The SH-SY5Y neuroblastoma cell line is often used as an in vitro model of neuronal function and is widely applied to study the molecular events leading to Alzheimer’s disease (AD). Indeed, recently, basic research on SH-SY5Y cells has provided interesting insights for the discovery of new drugs and biomarkers for improved AD treatment and diagnosis. At the same time, untargeted NMR metabolomics is widely applied to metabolic profile analysis and screening for differential metabolites, to discover new biomarkers. In this paper, a compression technique based on convolutional autoencoders is proposed, which can perform a high dimensionality reduction in the spectral signal (up to more than 300 times), maintaining informative features (guaranteed by a reconstruction error always smaller than 5%). Moreover, before compression, an ad hoc preprocessing method was devised to remedy the scarcity of available data.

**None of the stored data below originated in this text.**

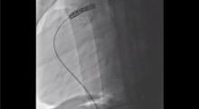 The second case involved a 15-year-old patient with the same clinical presentation as the first case. The intra-operative RVOT angiogram showed a maximal diameter of 33 mm, precluding the insertion of a trans-cutaneous Melody pulmonary valve. After a partial upper sternotomy, the RVOT was plicated, creating a tubular structure with a maximal diameter of 23 mm. The plicated RVOT acted in this way as the landing zone for a 22 mm trans-cutaneous Melody pulmonary valve implantation. The post-operative angiogram and echocardiogram showed perfectly functional pulmonary valve prosthesis with no stenosis or regurgitation.
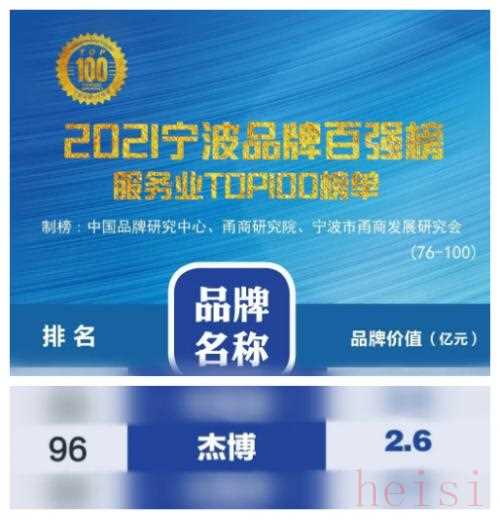 特別值得一提的是,作為寧波本土人力資源品牌的浙江杰博人力資源股份有限公司“杰博”品牌,入榜2021寧波品牌百強(qiáng)榜之服務(wù)業(yè)TOP100榜單,排名第96位,品牌價(jià)值達(dá)2.6億元,是唯一一家進(jìn)入榜單的人力資源機(jī)構(gòu)。
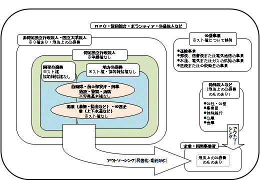 もう一つ2009年5月21日に成立した「公共サービス基本法」という法律があります。この法律では、公共サービスとは、「国民が日常生活及び社会生活を円滑に営むために必要な基本的な需要を満たすものをいう」。「国又は地方公共団体が行う……公共の利益の増進に資する行為」というようなことが書いてあります。
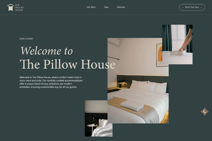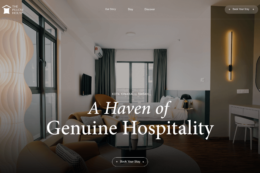 The result is a website that perfectly captures the inviting and serene atmosphere of The Pillow House, setting the stage for a memorable stay from the very first click.

The compressed spectral data were then used to train some SVM classifiers to distinguish diseased from healthy cells, achieving an accuracy close to 78%, a significantly better performance with respect to using standard PCA-compressed data.

Suggested Citation

  • Filippo Costanti & Arian Kola & Franco Scarselli & Daniela Valensin & Monica Bianchini, 2023. "A Deep Learning Approach to Analyze NMR Spectra of SH-SY5Y Cells for Alzheimer’s Disease Diagnosis," Mathematics, MDPI, vol. 11(12), pages 1-13, June.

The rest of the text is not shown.